Transient Seepage Analysis of Qingyuan Power Station Underground Caverns and Drainage Hole Arrays with Excavation Process

The disasters caused by groundwater during underground cavern excavation, are inevitable and difficult to predict. In this study, transient seepage analysis was performed during the excavation of Qingyuan power station’s underground caverns and drainage hole arrays. The drainage hole arrays around the caverns were simulated using a new method, and the groundwater surface during transient seepage analysis was confirmed with the hydraulic conductivity adjustment method, by using ABAQUS user subroutines USDFLD and GETVRM. By simplifying the drainage hole into face geometry, the proposed drainage hole simulation method could reach the accuracy of the widely used substructure method with half nodes of the computational boundary, and reflect the influence of drainage hole diameter on seepage analysis results.

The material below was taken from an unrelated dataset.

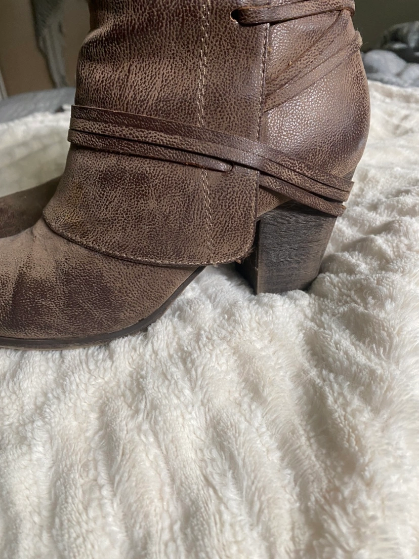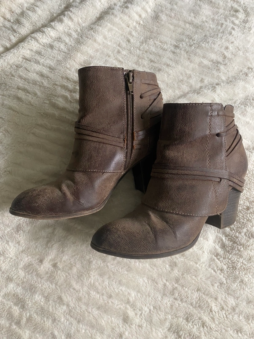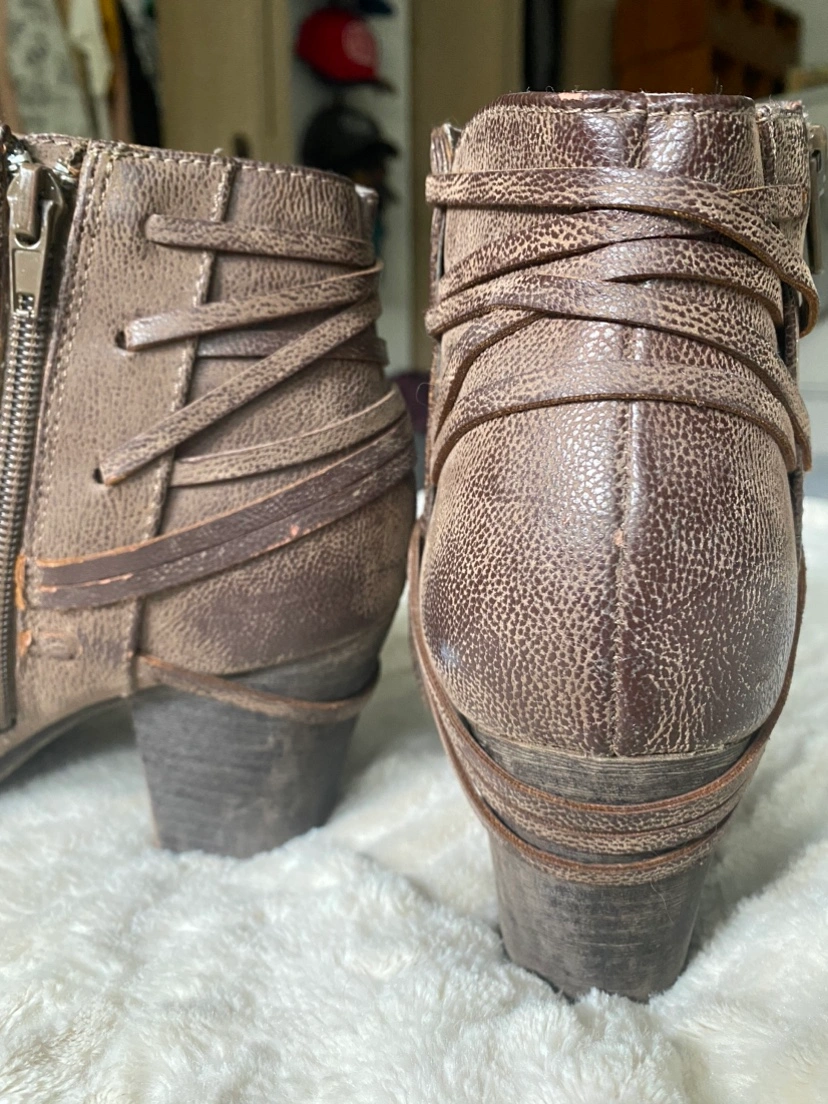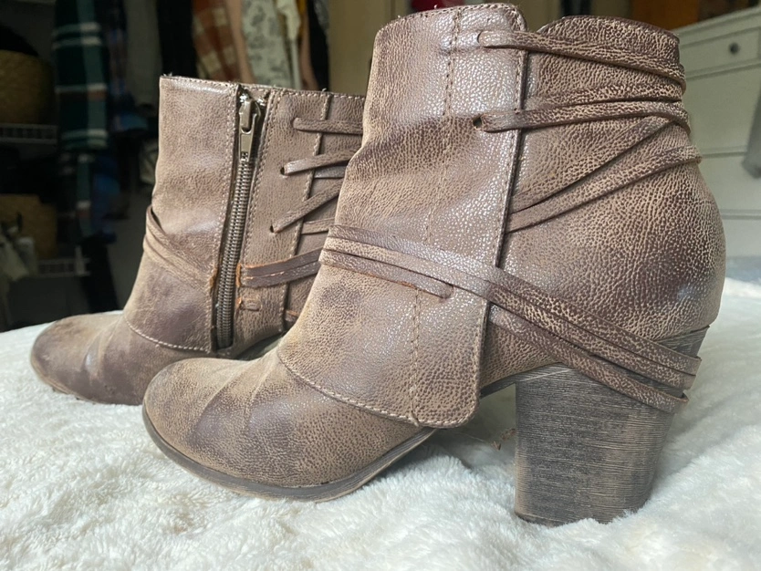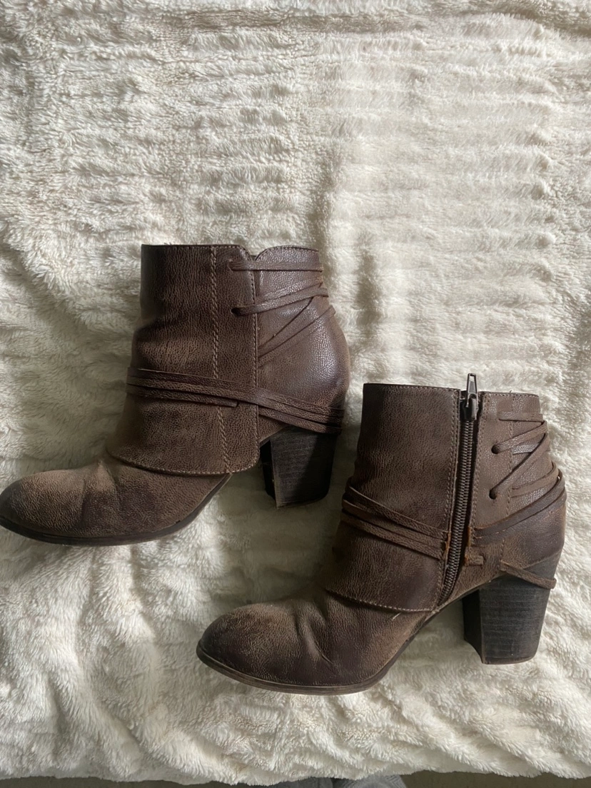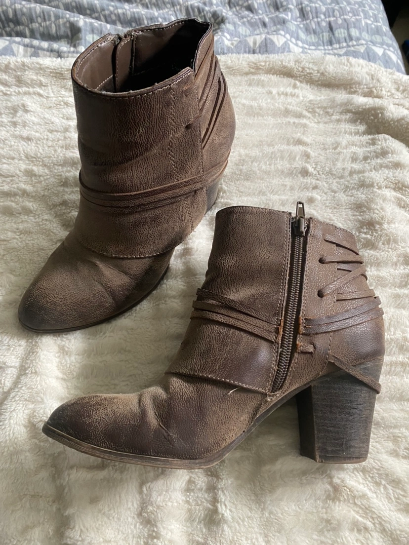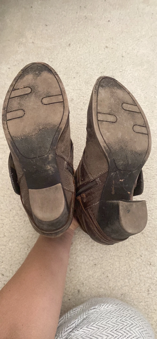 Medium brown with a dusty weathered look & feel. Worn probably 10 times over 6 years. I’ve held onto them because they are unique and comfortable - I often wore an insole. They are a stable 1.5 inch chunky heel.

Moreover, a sensibility analysis of the diameter and space of drainage hole arrays could be conducted using one simulation model with the proposed finite element mesh type. Transient seepage analysis showed the evolutions of the groundwater level, flow rate and maximum hydraulic gradient of drainage holes and underground caverns, during the construction of Qingyuan power station. Such results could provide a reference for the creation of design and construction schemes. The previous excavation of the drainage hole arrays could control the seepage field, and reduce the flow rate and maximum hydraulic gradient of the underground caverns. This study may provide valuable reference to the design and construction of similar projects.